For months Syria’s militantly leftist regime has protested the steady march to political moderation in the Arab world. Last week Damascus itself joined the parade.

The shift grew out of a split in Syria’s ruling Pan-Arab Baath Party between General Salah Jadid, leader of a powerful clique of pro-Peking officers, and Strongman General Amin Hafez, top dog in Syria since 1963. At the Casablanca conference of Arab leaders last September, Hafez pledged Syria to an agreement not to meddle in other states’ internal affairs. Objecting, the Jadid group blamed a “right-wing reactionism” for the moderating tendencies in other Arab nations, argued for Syrian leadership to restore the “progressive Arab socialist outlook.”

For weeks, the debate raged between the opposing Baathist cliques, and being Syrians, Jadid’s men naturally began plotting a coup to topple Hafez from his position as head of the powerful Presidency Council, which serves as a sort of collective chief of state. Two days before the revolt was to come off last month, the garrison commander at Horns jumped the gun by arresting three pro-Hafez officers—counting on Syria’s notoriously poor telephone and telegraph communications to keep the word from reaching the capital 90 miles away. The news got back anyway, and the conspiratorial commanders were arrested. In a ten-hour showdown behind closed doors, Hafez retained the support of Baath’s eleven-member “International Command,” made up of Lebanese, Iraqis and Jordanians as well as Syrians, and Jadid ducked underground.

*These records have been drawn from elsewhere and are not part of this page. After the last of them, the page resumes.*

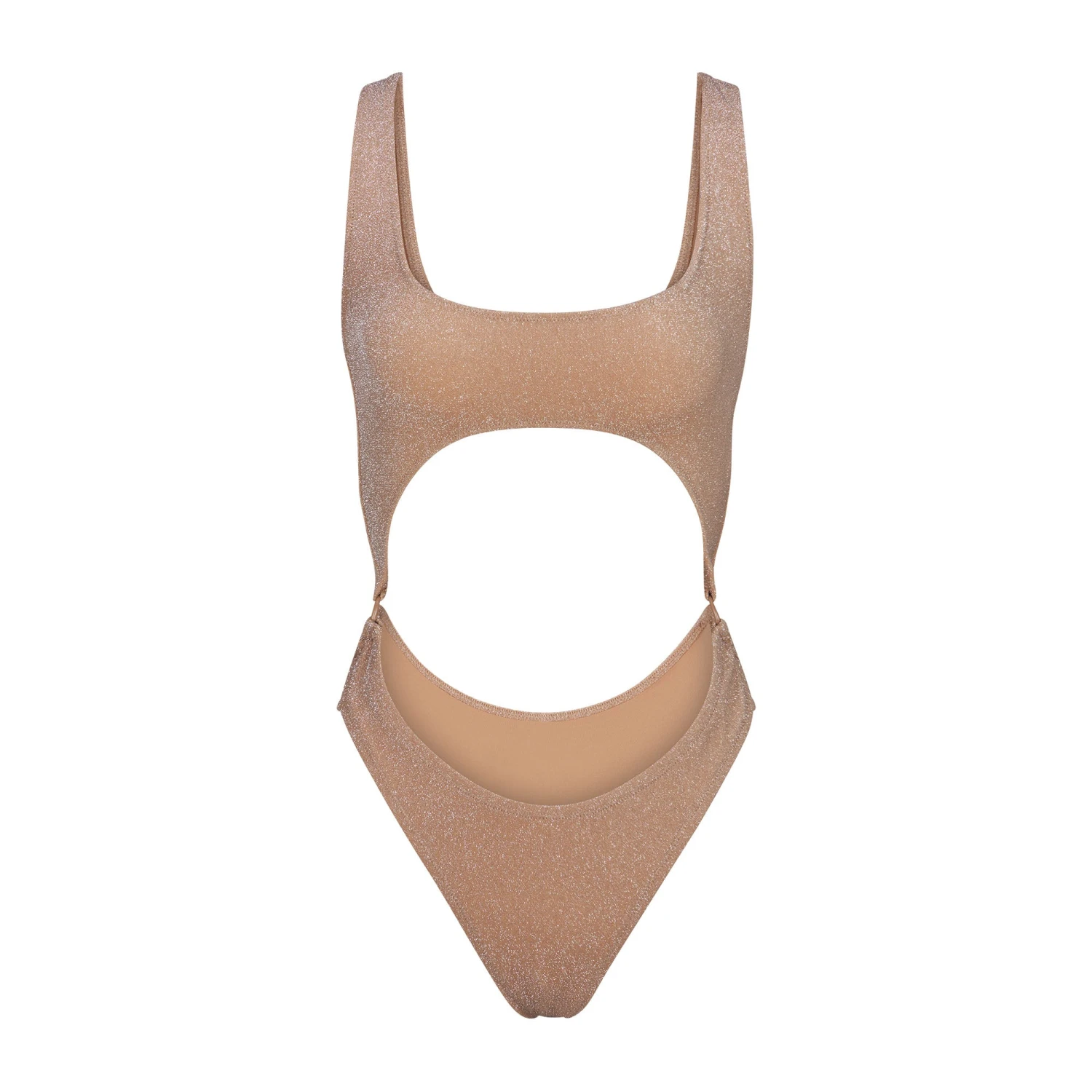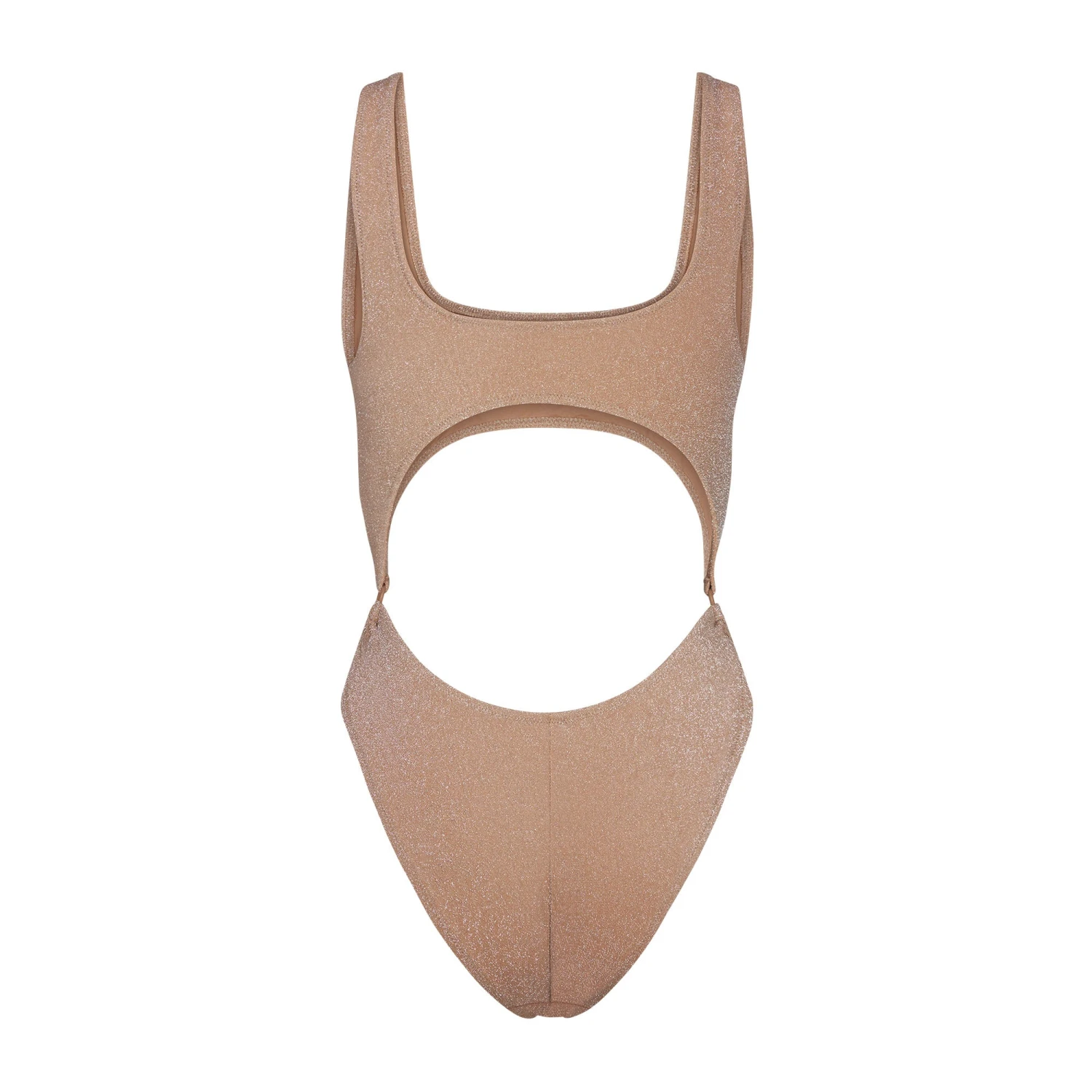 has front and back cut-out details and tonal metal rings at the sides for an ultra-luxe look. Features a front scoop neckline, non-adjustable straps, medium back coverage, and recycled polyester lining. Fits true to size.
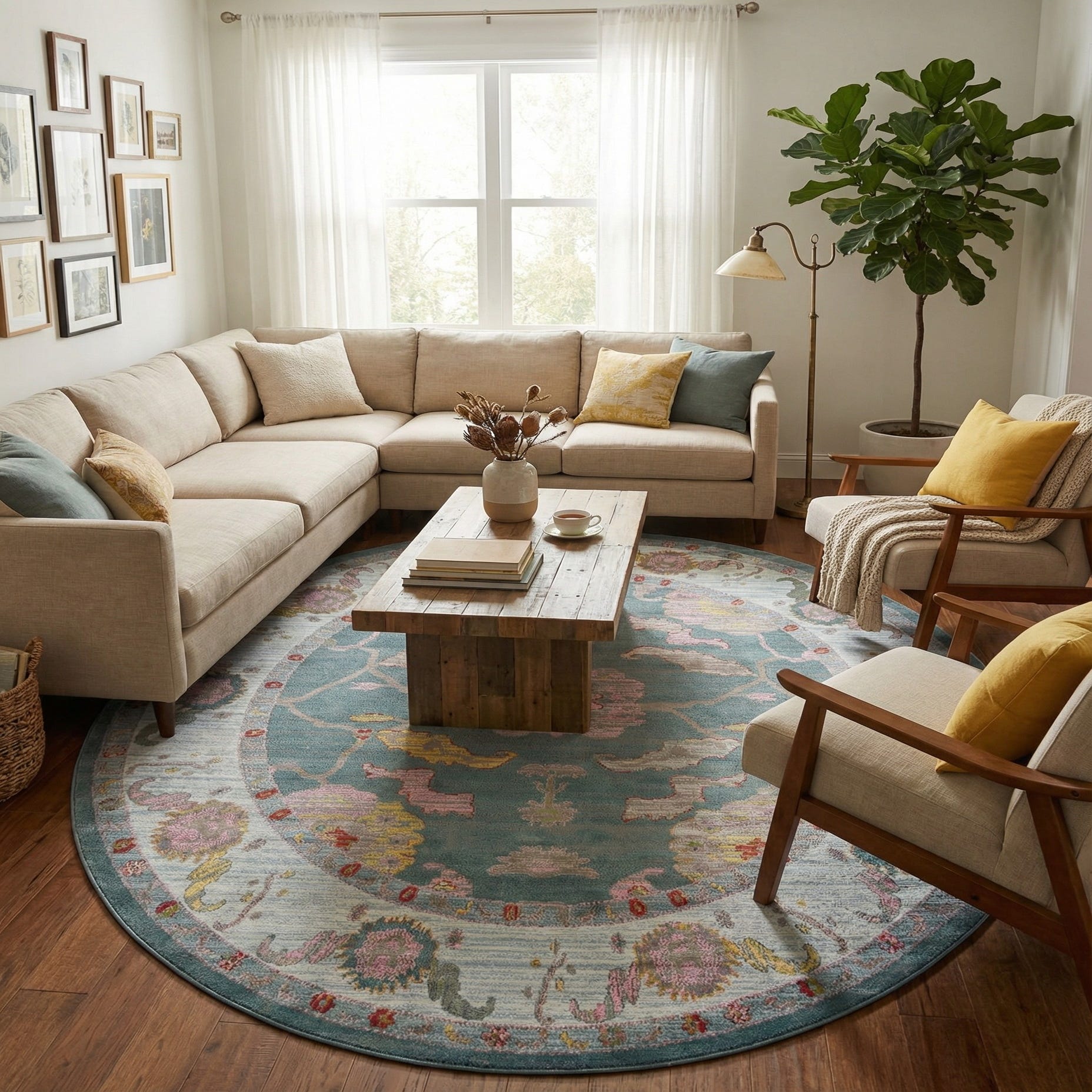 Machine made of 100% polypropylene, the rug has a low, dense pile that feels smooth and slightly cushioned underfoot, with a subtle sheen where light catches the yarns. Its oval shape and balanced color palette make it a natural fit for a cozy living room seating area, beneath an oval or round dining table, or at the foot of a bed to add color without overwhelming a calm palette. Pair it with light wood finishes, soft blue or blush upholstery, and brass or aged-metal accents for a transitional or coastal-inspired interior, or introduce it to a contemporary traditional space to soften sharper lines.
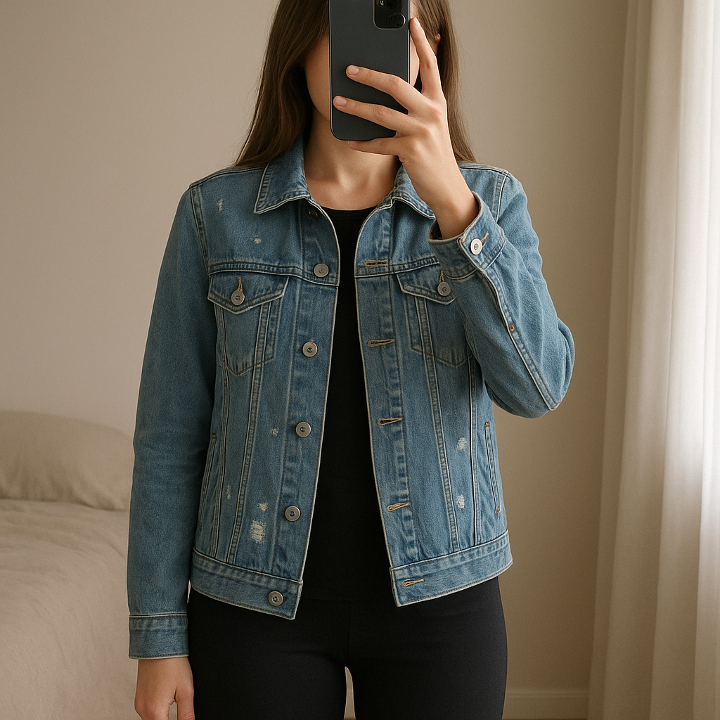 Jeansjacke mit Used-Look / Vintage Style aufrecht stehend, der Kamera zugewandt, in einem sanft beleuchteten Schlafzimmer, mit natürlichem Licht, das durch ein Fenster fällt.
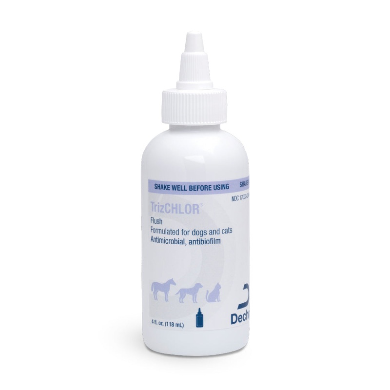 TrizCHLOR Flush for Dogs and CatsTrizCHLOR Flush is a multicleanse ear flush for dogs and cats. It is very effective at removing foreign particles from the ear and also aids in the treatment of bacterial infections, infected wounds, and lesions. TrizCHLOR
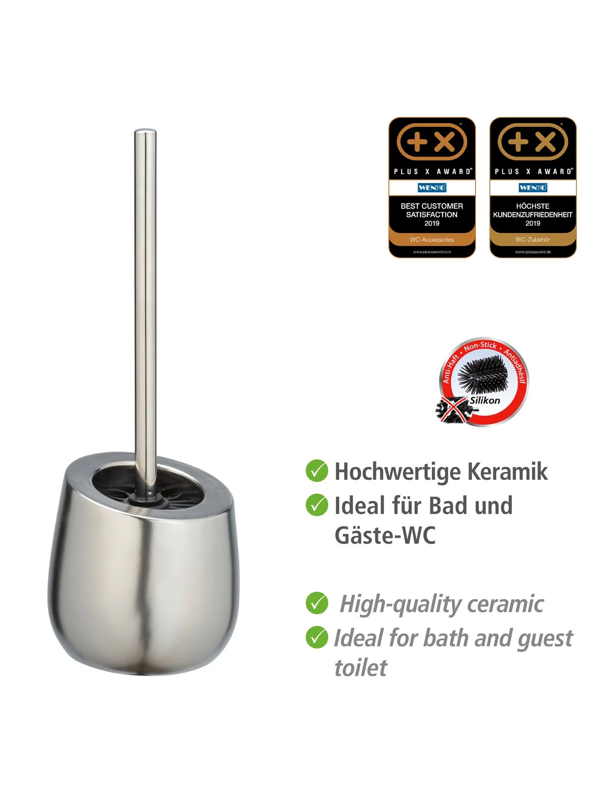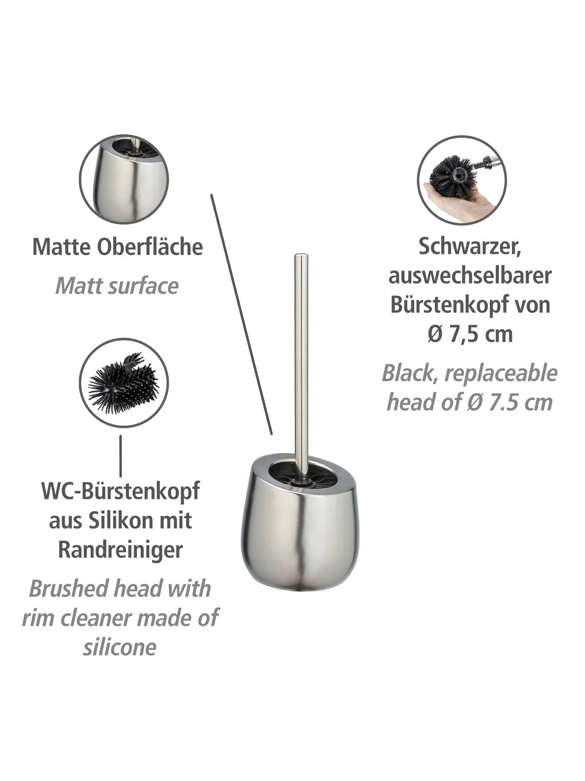 Der hochwertige, schwarze Bürstenkopf von Ø 7,5 cm ist aus Silikon gefertigt und auswechselbar. Seine spezielle Anti-Haft-Wirkung sorgt dafür, dass sich hartnäckige Reste und Toilettenpapier nicht in der Bürste festsetzen, sondern beim Reinigen einfach weggespült werden. So bleibt die clevere Bürste immer hygienisch sauber und reinigt sich selber.
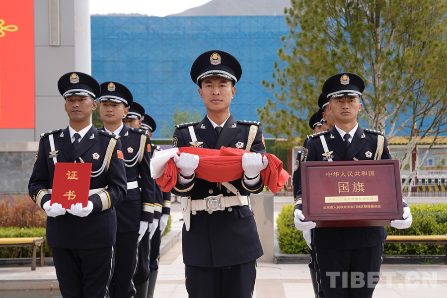 圖為國旗護(hù)衛(wèi)隊(duì)護(hù)送國旗至昌都市革命歷史博物館 攝影:群旦次仁

Picked to form a new government last week, replacing the pro-Jadid Premier Youssef Zayyen, was Salah Bitar, 53, Baath co-founder who holds that “to take Marxism as an absolute and comprehensive ideology conflicts with the Arab revolution, which is basically nationalist.” Syria would remain socialist, if somewhat less stridently. Abroad this would mean happier relations with its moderating socialist as well as non-socialist Arab neighbors (last week Damascus received an envoy from Kuwait to renew negotiations for a $56 million Kuwaiti loan), and at home a better break for what remains of Syria’s long-beleaguered middle class.